Design Systems: Step-by-Step Guide t Creating Your Own
1. Create the UI Inventory for the Design System 2. Get Organizational Buy-In for the Design System 3. Build a Multidisciplinary Design Systems Team 4. Establish Rules and Principles for the Design System 5. Build the Color Palette for the Design System 6. Build the Typographic Scale for the Design System 7. Implement an Icons Library for the Design System 8. Standardize Other Style Properties 9. Build the First Design System Pattern 10. Run a Sprint Retrospective 11. Conclusion 12. Recommended Resources

Creating A Design System: Creating a UI Inventory

First, you must understand the current state of your design and development ecosystem.

If you think the experience provided by your product is internally inconsistent and confusing, or the maintenance of code takes too much time - you must prove it to get your team and stakeholders on board.

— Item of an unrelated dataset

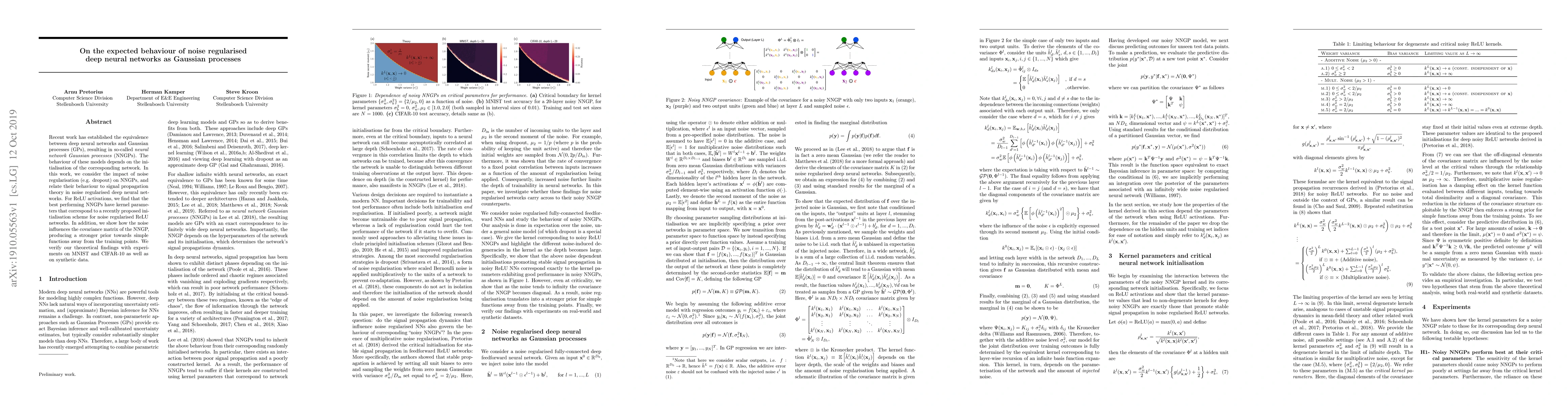 This paper explores how noise regularisation in deep neural networks affects their behaviour as neural network Gaussian processes (NNGPs), showing that optimal performance aligns with a specific initialisation scheme. The study also demonstrates how noise influences the NNGP's covariance matrix, leading to a stronger prior for simpler functions, and validates these findings experimentally on MNIST, CIFAR-10, and synthetic data.

The best way to start is by building an inventory of all the different patterns, colors, text styles and assets used in the product. The inventory clearly shows all the inconsistencies and hopefully lets you build the case for a design system. Creating a complete inventory, as described below, takes time. You might want to select only a few activities to get the team and stakeholders on board and continue when you’ll have the full team focused on the task.

1. Create the Patterns Inventory

UI patterns
UI pattern inventory I created in  UXPin along with annotations for our developers.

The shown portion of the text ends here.